Locate the electrode and bring the electrode tip over the specimen. Using a micromanipulator, lower the afferent electrode tip until it is holding position above the cleithrum. Increase the magnification to 40 times immersion and locate the intersection of the posterior lateral line nerve and cleithrum.
Bring the electrode tip over the afferent ganglion and lower the pipette until the tip contacts the epithelium. Gently, maneuver the electrode so that the entire tip circumference contacts the afferent ganglion. Apply negative pressure with the pneumatic transducer and hold it.
After clicking Play in the patch clamp software, ensure that the whole cell loose patch recording of afferent neurons is achieved when spikes occur spontaneously roughly every 100 to 200 milliseconds. Once afferent neuron and motor neuron activity are both detected, click on the Record button on the toolbar in peak clamp 10 to capture simultaneous gap free recordings in both the channels. Perform data pre-processing as described in the text manuscript.

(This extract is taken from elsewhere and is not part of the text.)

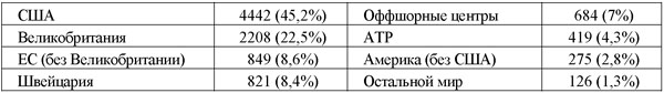 Таким образом, только на США и Великобританию (не считая оффшорные центры) приходится 67,7% подобных фондов".
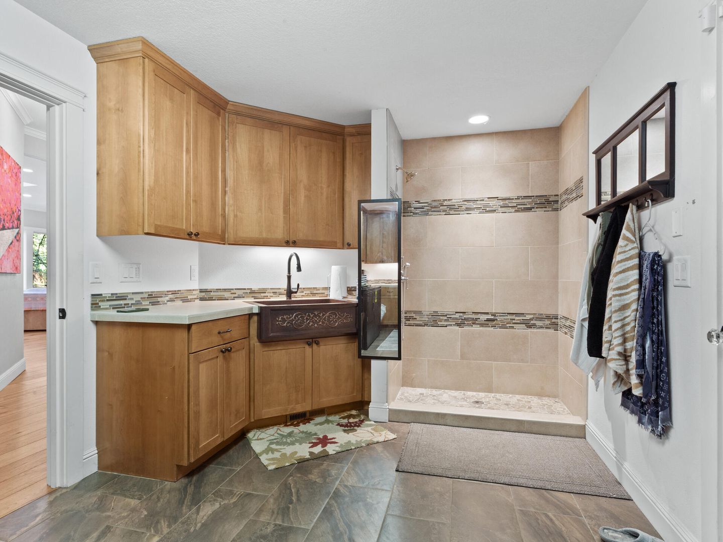 • Main floor mud room with custom doggie shower.

Using this gap-free recording protocol, the real-time activity of afferent and VR neurons can be measured simultaneously. Custom written, pre-processing scripts generate plots to assist in visualization of spike detection using parameters such as threshold, minimum duration and minimum interspike interval. Isolated signals were obtained by adjusting the lower bound and upper bound detection variables in the pre-processing script.
Ventral roots spike detection follows identical parameters with additional inputs. Bursts within a motor command are defined by a minimum of two spikes within 0.1 milliseconds lasting for five milliseconds at least and delineated by a minimum of three bursts with interburst intervals of less than 200 milliseconds Pre-processing scripts will overlay sections of afferent activity entered on a well-defined period of interest. In this case, mean spontaneous activity shows dramatic changes in response to the onset of motor activity depicted on the X-axis as time equal to zero.
Significant differences were detected in afferent spike rates between pre-swim spike rates and spike rates of both swim and post-swim periods. Afferent spike rates were negatively correlated with swim duration. There is no correlation detected between relative spike rate and swim frequency.
Animal health is the most important thing when trying to attempt this procedure. It is crucial to monitor fast blood flow to not only ensure animal welfare but also increase the likelihood of neural recording success. By leveraging genetic tools available in Zebrafish, This electrophysiology protocol can be complimented by transgenic lines to powerfully investigate anatomical and functional circuit connectivity in hair cell systems and beyond.
This simplified modification of the patch clamp technique allows us to monitor how sensory systems function in vivo.